(WORK ORDER): Would you return exactly the lines below from the line with "Πρόκειται για τον" through the line with "經(jīng)過(guò)我", both included, and nothing else, leaving out the pictures?
------ DATASET SECTION
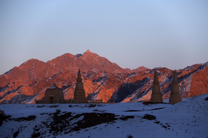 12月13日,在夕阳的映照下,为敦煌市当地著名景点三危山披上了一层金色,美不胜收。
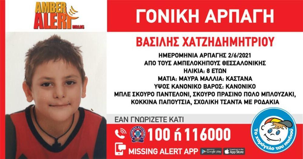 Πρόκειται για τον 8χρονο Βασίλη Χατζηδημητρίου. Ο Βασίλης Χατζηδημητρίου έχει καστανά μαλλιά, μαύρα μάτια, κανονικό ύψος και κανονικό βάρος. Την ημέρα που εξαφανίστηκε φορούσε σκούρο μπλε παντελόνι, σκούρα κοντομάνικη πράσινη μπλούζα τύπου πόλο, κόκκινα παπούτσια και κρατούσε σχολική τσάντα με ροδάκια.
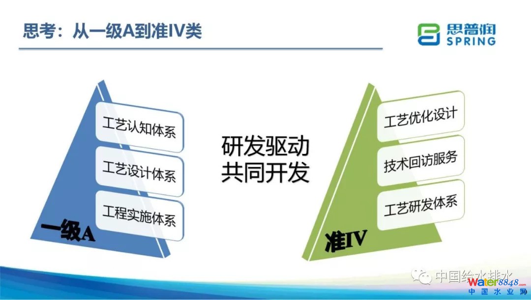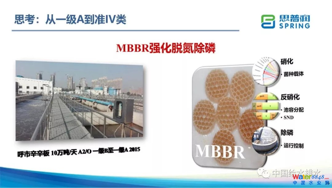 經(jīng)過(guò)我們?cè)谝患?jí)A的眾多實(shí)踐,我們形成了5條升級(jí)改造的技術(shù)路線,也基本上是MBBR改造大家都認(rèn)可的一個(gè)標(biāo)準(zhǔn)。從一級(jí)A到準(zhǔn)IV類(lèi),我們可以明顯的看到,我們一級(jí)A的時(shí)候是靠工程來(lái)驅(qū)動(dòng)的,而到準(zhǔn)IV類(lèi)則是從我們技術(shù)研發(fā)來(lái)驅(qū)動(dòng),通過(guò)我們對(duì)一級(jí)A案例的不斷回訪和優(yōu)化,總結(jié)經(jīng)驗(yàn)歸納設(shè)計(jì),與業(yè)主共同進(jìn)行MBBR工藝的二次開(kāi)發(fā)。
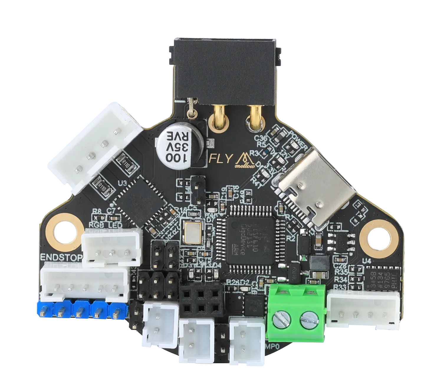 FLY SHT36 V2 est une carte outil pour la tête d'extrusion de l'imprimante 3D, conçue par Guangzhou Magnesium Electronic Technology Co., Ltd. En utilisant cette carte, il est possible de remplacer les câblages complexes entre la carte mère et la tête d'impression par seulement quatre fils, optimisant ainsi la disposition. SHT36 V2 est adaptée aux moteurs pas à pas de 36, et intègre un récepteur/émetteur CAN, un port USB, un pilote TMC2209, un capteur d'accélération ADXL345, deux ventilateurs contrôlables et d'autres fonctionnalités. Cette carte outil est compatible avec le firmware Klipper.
------------
(EXPECTED ANSWER):
 Πρόκειται για τον 8χρονο Βασίλη Χατζηδημητρίου. Ο Βασίλης Χατζηδημητρίου έχει καστανά μαλλιά, μαύρα μάτια, κανονικό ύψος και κανονικό βάρος. Την ημέρα που εξαφανίστηκε φορούσε σκούρο μπλε παντελόνι, σκούρα κοντομάνικη πράσινη μπλούζα τύπου πόλο, κόκκινα παπούτσια και κρατούσε σχολική τσάντα με ροδάκια.
 經(jīng)過(guò)我們?cè)谝患?jí)A的眾多實(shí)踐,我們形成了5條升級(jí)改造的技術(shù)路線,也基本上是MBBR改造大家都認(rèn)可的一個(gè)標(biāo)準(zhǔn)。從一級(jí)A到準(zhǔn)IV類(lèi),我們可以明顯的看到,我們一級(jí)A的時(shí)候是靠工程來(lái)驅(qū)動(dòng)的,而到準(zhǔn)IV類(lèi)則是從我們技術(shù)研發(fā)來(lái)驅(qū)動(dòng),通過(guò)我們對(duì)一級(jí)A案例的不斷回訪和優(yōu)化,總結(jié)經(jīng)驗(yàn)歸納設(shè)計(jì),與業(yè)主共同進(jìn)行MBBR工藝的二次開(kāi)發(fā)。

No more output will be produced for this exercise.